Our first baby will be ten this year. Our last baby will be ten in 2024. It just doesn't seem right.

That is only ten years away. Yep, I said only. Ten years may seem like such a long way away yet, but I can remember when Ben was born back in 2004 - that was only ten years ago. If you ask me where the last ten years have gone I would have no precise answer. They have gone by so quickly. Is it because we have had five more children in that time it feels like it's all been a blur, a mash of memories that span ten years condensed into what feels like two. Or is it just 'life' these days? Everyone is getting busier & busier, the days are all merging into one long haze of time.

I wonder what our children will be like then. How chaotic will life be with so many teenagers. Will it be louder than it is now, or will they be so busy in their own lives that they are rarely home so it will be quieter than now.

I wonder who will give us the most grief, which one will finally turn Doug's hair gray. Who will keep me up at all hours of the night as I pace the floors, no longer due to an unsettled baby, but with an unsettled mind as I wait for them to come in the door. 

What will the dynamics be like between so many personalities. Ben & Rianan get along fabulously right now, will that still be the case when they are nineteen & seventeen. Jack gets a little lost in the mix at the moment, but will Ben & Jack find a more common ground together as they get older, or Jack forever be the pesky younger brother to Ben.

What mischief will they all get up to together, what will they cover up together or for one another, that Doug & I won't know about until many years down the track when we are all sitting around a meal together remincising. Then all of a sudden one of them will pipe up with "do you remember the time when....insert some crazy event here, where one helps to bail the other out of trouble & keep it quiet from Doug & I.
Only to end with "We were so lucky Mum & Dad never found out." 
Maybe that will be the day I finally turn gray, when I discover so much more of what they got up to, that was kept quiet between the code of sibling secrecy. 

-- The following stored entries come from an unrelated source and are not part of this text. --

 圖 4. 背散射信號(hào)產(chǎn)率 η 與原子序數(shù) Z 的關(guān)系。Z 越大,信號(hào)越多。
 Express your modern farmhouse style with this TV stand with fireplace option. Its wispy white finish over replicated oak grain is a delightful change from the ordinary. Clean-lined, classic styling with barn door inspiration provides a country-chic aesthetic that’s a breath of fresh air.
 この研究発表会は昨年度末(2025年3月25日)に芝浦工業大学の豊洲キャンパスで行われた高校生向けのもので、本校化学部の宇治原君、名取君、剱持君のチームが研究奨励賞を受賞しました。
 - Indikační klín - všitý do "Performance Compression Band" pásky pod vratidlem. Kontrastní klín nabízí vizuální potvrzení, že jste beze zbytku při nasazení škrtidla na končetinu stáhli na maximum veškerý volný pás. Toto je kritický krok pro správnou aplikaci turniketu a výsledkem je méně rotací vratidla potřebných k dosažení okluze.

It's so easy now to get caught up in the toilet training, sight words & lexile readers, the guiding of appropriate & inappropriate language (see this post), the daily jobs chart, quiet afternoon time so little bodies can have a moment to rest, allowing small inches of freedom as they walk to a friends house down the road.

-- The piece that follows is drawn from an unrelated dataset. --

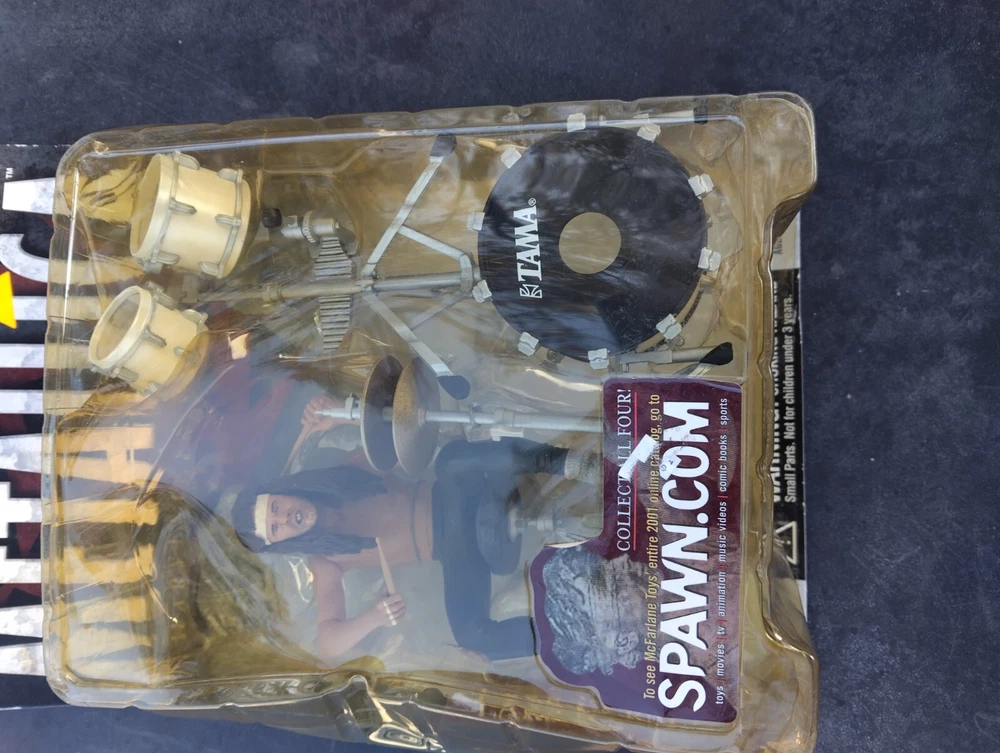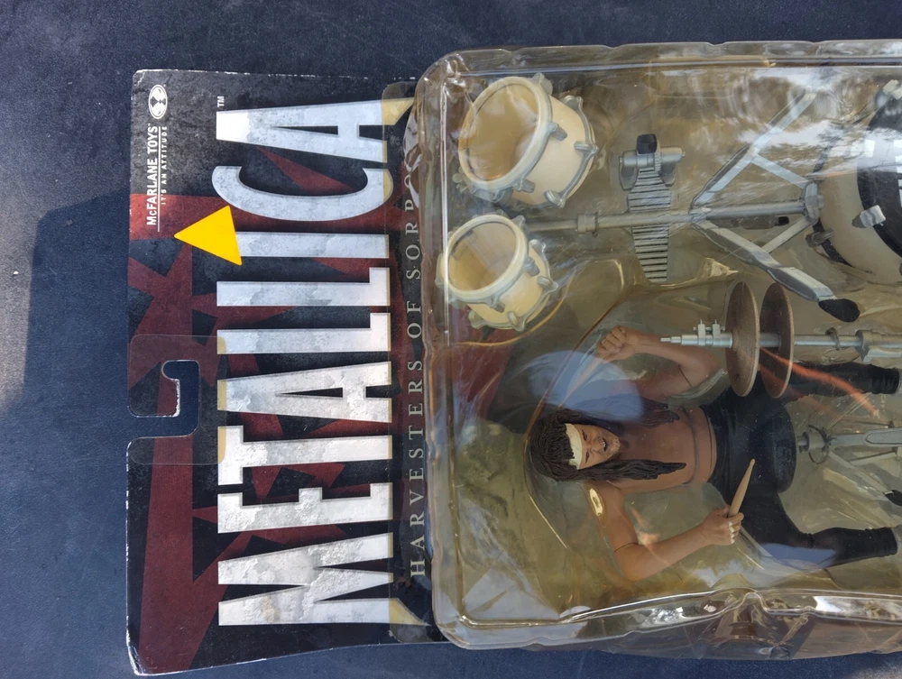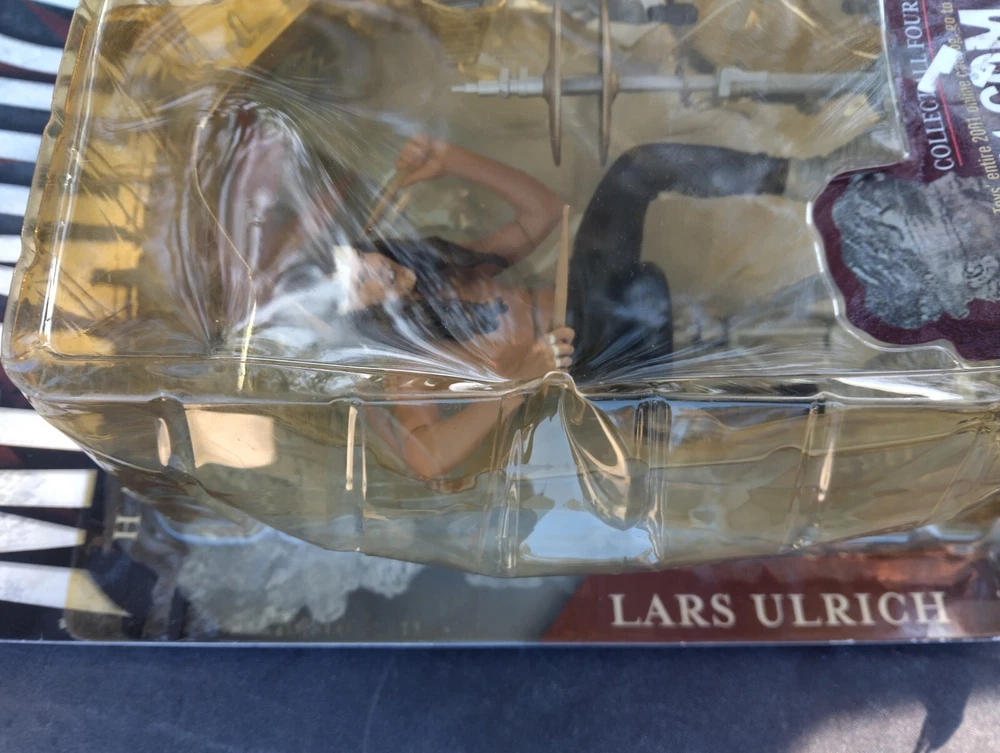 This McFarlane Toys Spawn.Com Metallica action figure features Lars Ulrich, the iconic Metallica drummer. The figure is made of plastic, metal, and acrylic materials, and is designed at a 1:12 scale. It comes boxed and is an original, licensed reproduction from the year 2001. The figure is perfect for fans of Metallica and collectors of action figures. It is graded 95+ and is suitable for ages 13+. The figure depicts Lars Ulrich in his concert outfit and is a great addition to any collection.

One day all this will be a distant memory & we'll be in the thick of teenage social lives, sports practice & weekend matches, after school jobs, homework assignments & end of year exams. 

Will I look back on this time & wish for it back because it all seemed so much easier. Maybe we'll be one of the lucky few who manage to get through the teenage years with little angst & family bonds intact. I know the hell I put my parents through for eighteen months before settling down & finding my feet in a new found independence. It kind of seems inevitable, like a right of parenthood passage that must be passed through - both the calm seas & the rough, stormy waves.

I hope that we are building our ship strong enough now, in these founding years, that it emerges on the other side, maybe a little worn but still afloat. At least for now, we still have a few more years to get the sails up & any leaky holes patched.

Time, I wish you would slow down a little.